Récit de voyage : La grande traversée de l’adrâr au Tagant par Olivier

Traversée Adrar – Tagant (1er – 23 décembre 2002)

Salam Aleïkoum
Aleïkoum Salam !

Tout a commencé à Chinguetti, village de l’Adrar mauritanien, aux portes du désert. Très vite immersion totale dans les sables de l’erg Ouarane.. Nous nous éparpillons pour avoir le plaisir d’inscrire notre propre trace sur les dunes ; montées et descentes s’enchaînent au fil des jours. Nous nous amusons à reconnaître les traces des divers occupants du désert : scarabées, lézards, corbeaux, renards, fennecs et une seule fois ,les petites boules de sable de la dame blanche (araignée).
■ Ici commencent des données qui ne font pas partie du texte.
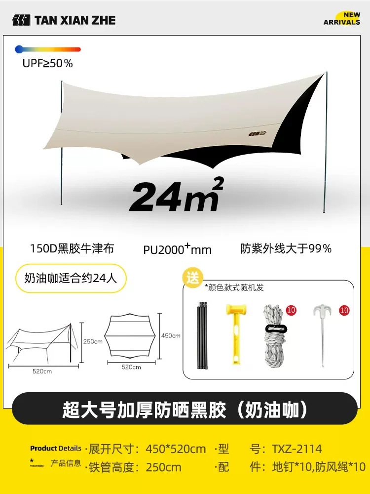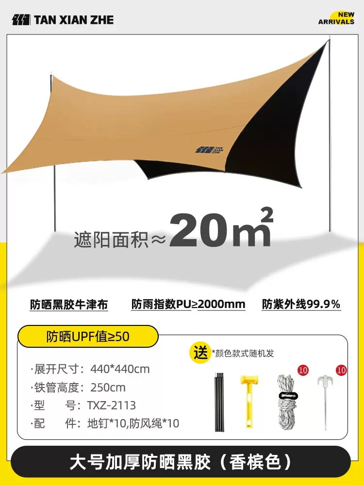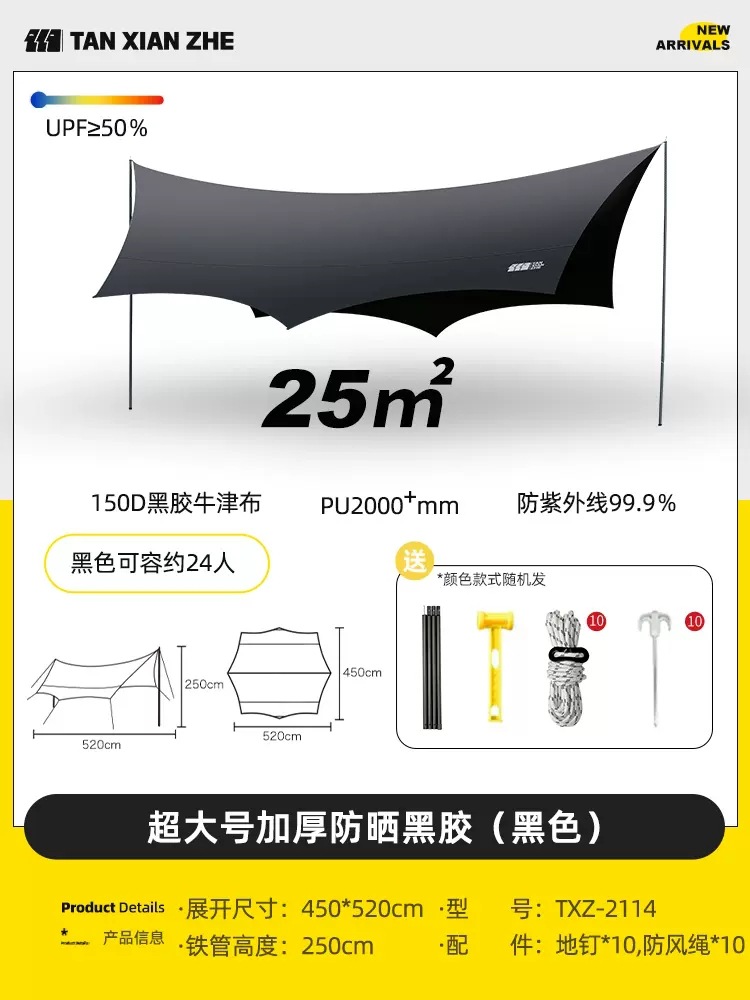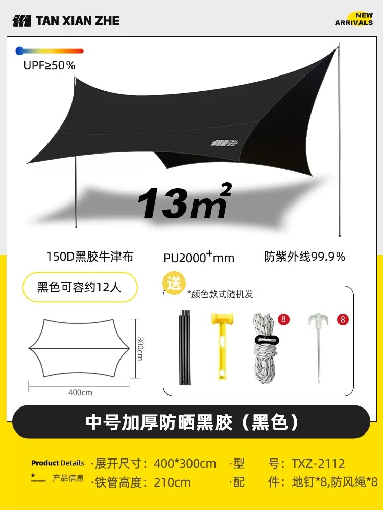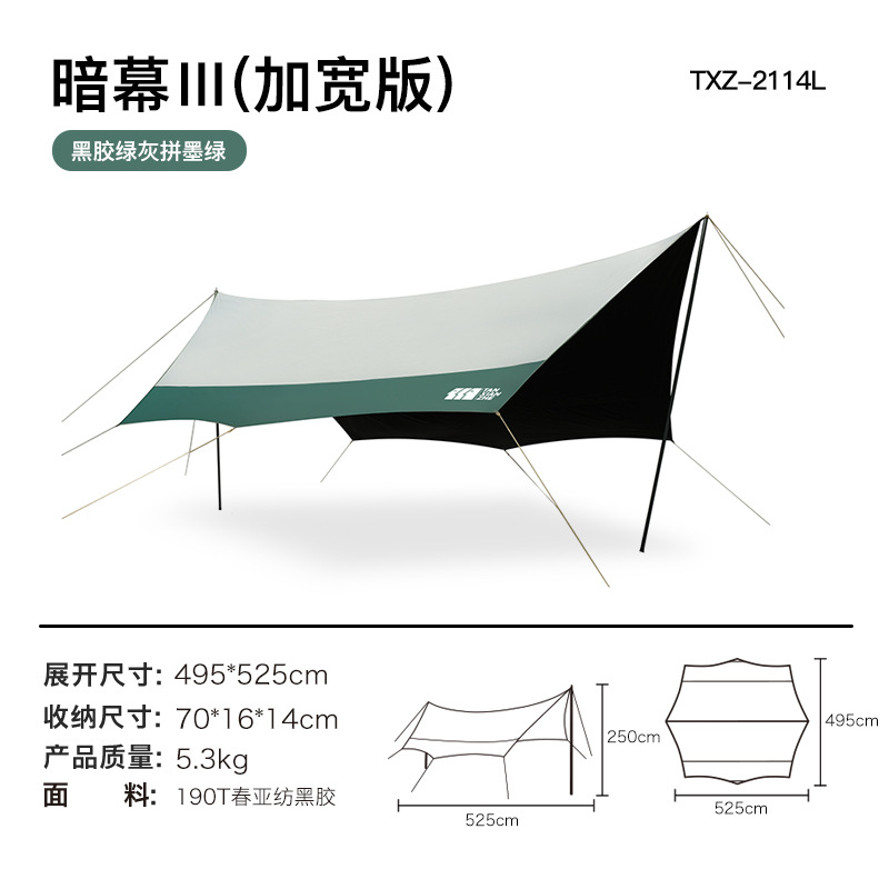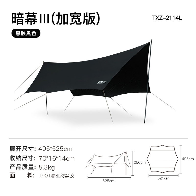 探险者天幕帐篷户外露营遮阳棚便携式野餐防雨防晒凉棚野营黑胶

Entre chaque cordon de dunes nous nous rendons compte que l’eau et l’homme étaient présents il y a quelques milliers d’années : pointes de flèche, mortiers, débris de poteries, et même coprolithes de crocodiles. Sous des surplombs de reliefs gréseux, Pascal nous montrent de superbes peintures rupestres et notamment un beau mouton. Les anciens lits de lacs et de marécages affleurent un peu partout. Chacun furète çà et là. Parfois un fennec déboule devant nous, nous apercevons même une gazelle, les chameliers ont du mal à nous croire mais…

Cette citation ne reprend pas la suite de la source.